Functional Operators	Example	Explanation
citations()	`citations(aff:MIT)`	Returns list of citations for papers matching the inner query; use `fl=[citations]` to retrieve the field contents
pos()	`pos(author:accomazzi, 1, 5)`	The pos() operator allows you to search for an item within a field by specifying the position (range). The syntax for this operator is `pos(fieldedquery,position,[endposition])`. If no endposition is given, then it is assumed to be endposition = position, otherwise this performs a query within the range [position, endposition].
references()	`references(author:huchra)`	Returns list of references from papers matching the inner query
reviews()	`reviews(title:"monte carlo")`	returns the list of documents citing the most relevant papers on the topic being researched; these are papers containing the most extensive reviews of the field.
similar()	`similar(title:hubble^2, abstract, 100)` `similar("hubble space telescope", input)`	Find similar documents, either based on their similarity with the documents from the inner query or similar to the text that you supplied. Format: `similar(queryOrText, fields, maxQueryTerms, docToSearch, minTermFreq, minDocFreq, percentToMatch)`. - `queryOrText`: string, this can be a query or input - `fields`: list of fields separated by spaces, or special token ‘input’ which means use the query as is, as input - `maxQueryTerms`: modifies similarity search, only this many terms will be considered during the search (those terms are NOT the first X collected, but they will be the first X terms weighted by TFIDF - term frequency/inverse document frequency) - `docToSearch`: how many documents to collect in the first phase, is ignored when fields=’input’ - `minTermFreq`: term is selected only if its frequency is this or higher - minDocFreq: selected term must be present in at least that many documents - `percentToMatch`: ratio of terms that have to be present in the selected documents, default is 0.0f. For example, if 100 terms was used to discover similar docs, and if the ratio was 0.3f - then 30 terms must be present in the docs that are returned.

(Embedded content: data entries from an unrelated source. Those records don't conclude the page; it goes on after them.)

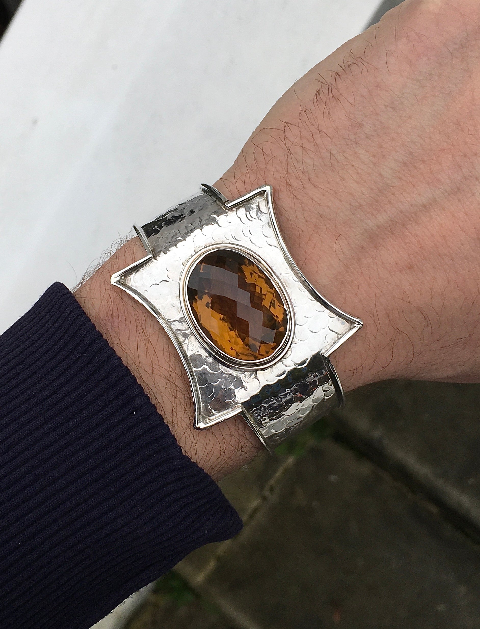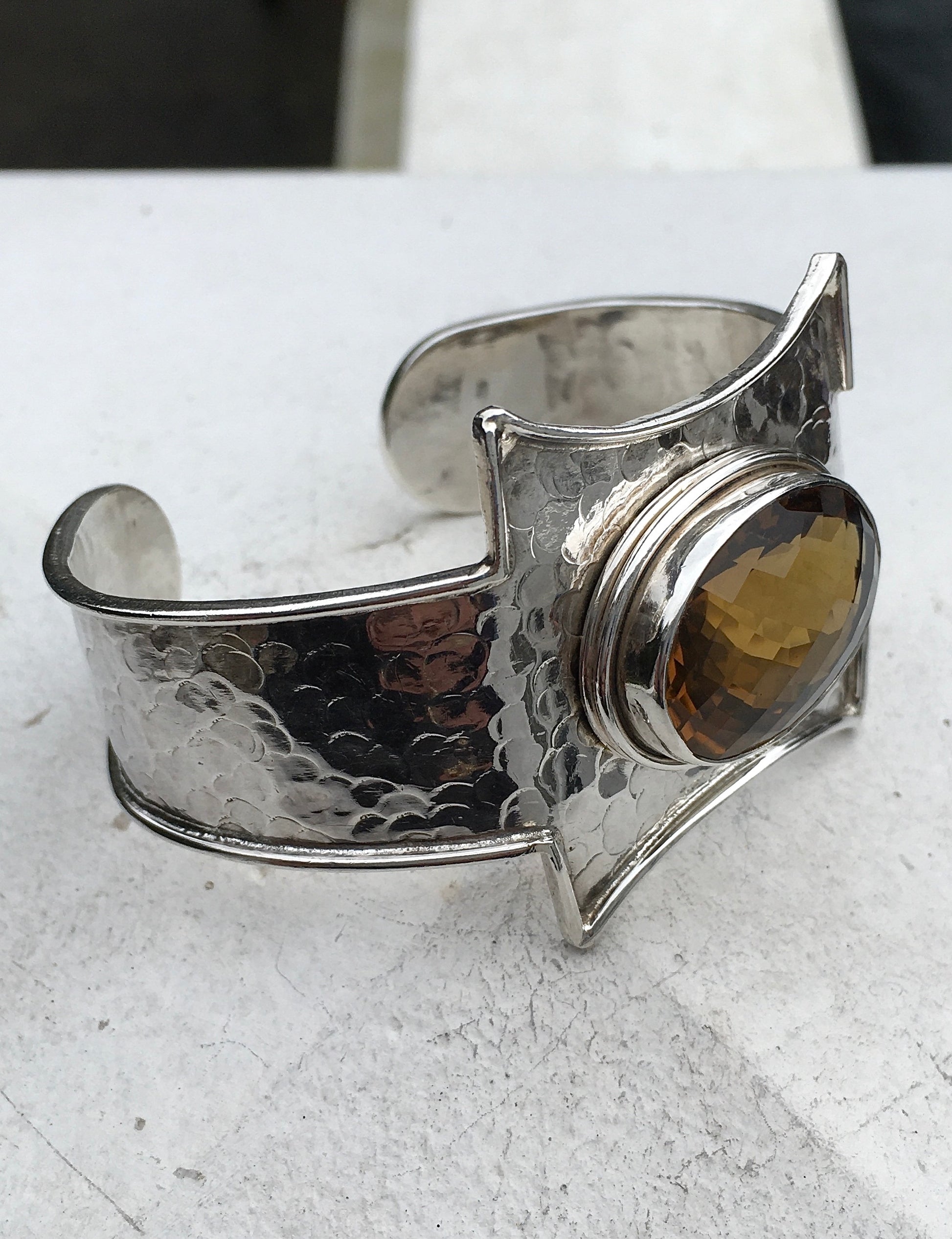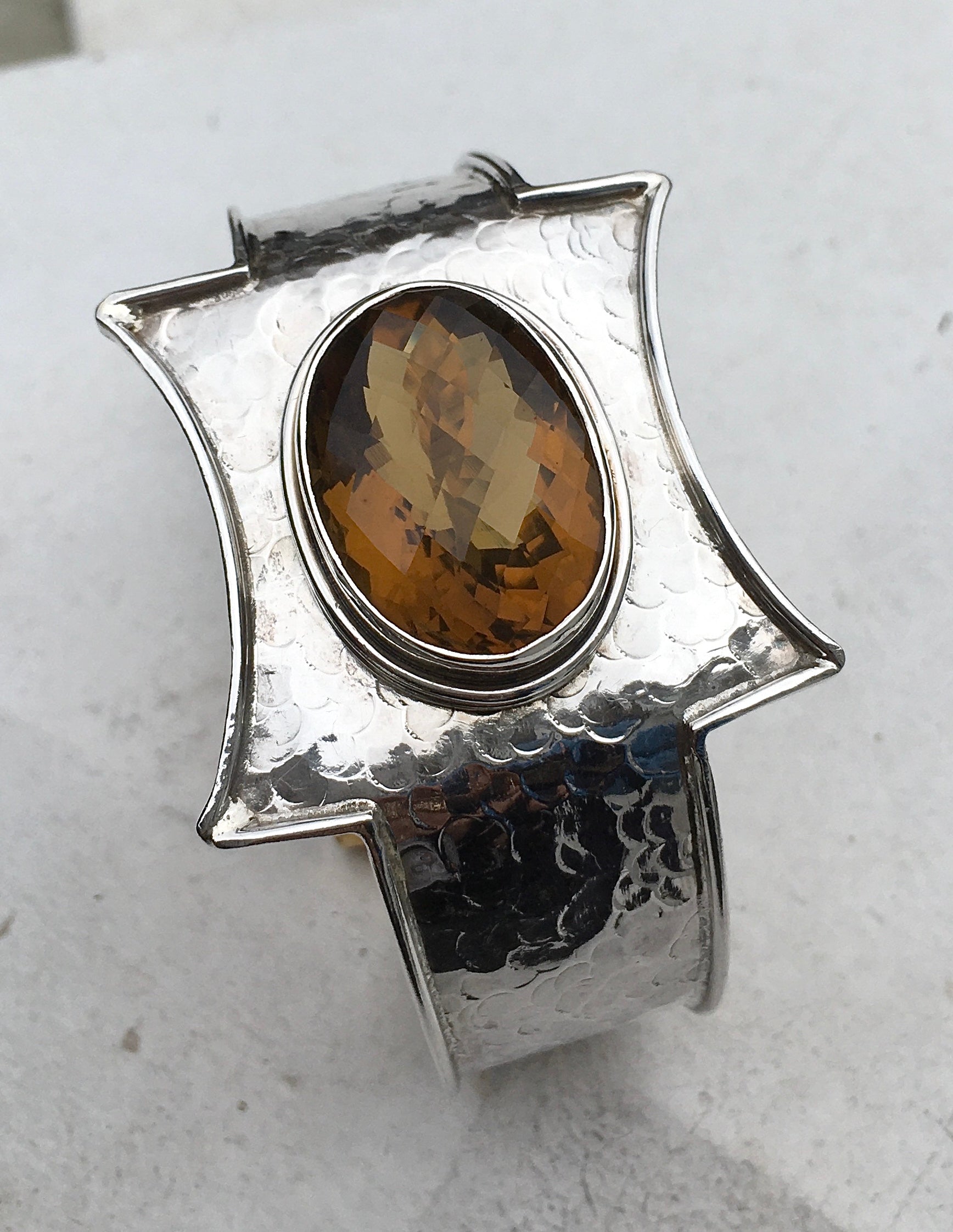 An eye-catching Sterling Silver hammered bangle featuring a large, faceted, bezel set Citrine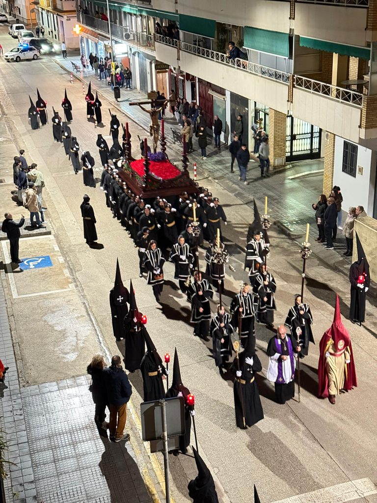 A las 11:00 de la noche, las campanas de la Parroquia de Nuestra Señora de la Asunción anunciaron el inicio del recorrido. La imagen del Cristo del Amor dejaba el templo tras once días de veneración en el barrio del Gran Capitán, en una noche que quedará grabada en la memoria de los montillanos.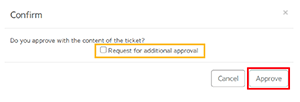 A pop-up screen shows up for approval. If only a single approver is necessary, the approver shall just click “Approve” (indicated in red). If multiple approvals are necessary, the approver shall click on the “Request for additional approval” (indicated in orange) before clicking “Approve”. This process can be done as many times as needed.

topn()	`topn(200, citations(title:hubble), citation_count desc)`	Limit results to the best top N (by their ranking or sort order); format: `topn(int, query, 'sort order')`. If the sort order is not specified, the default `score desc` will be used.
trending()	`trending("machine learning")`	Trending – returns the list of documents most read by users who read recent papers on the topic being researched; these are papers currently being read by people interested in this field.
useful()	`useful("gradient descent")`	Useful – returns the list of documents frequently cited by the most relevant papers on the topic being researched; these are studies which discuss methods and techniques useful to conduct research in this field.
docs()	`docs(library/hHGU1Ef-TpacAhicI3J8kQ)`	Retrieve set of documents specified by their IDs. You can think of this as a set operator; it will fill the set with documents that correspond to identifiers that are passed in. And this set can then be combined with other queries (i.e. `docs(A) NOT author:huchra`)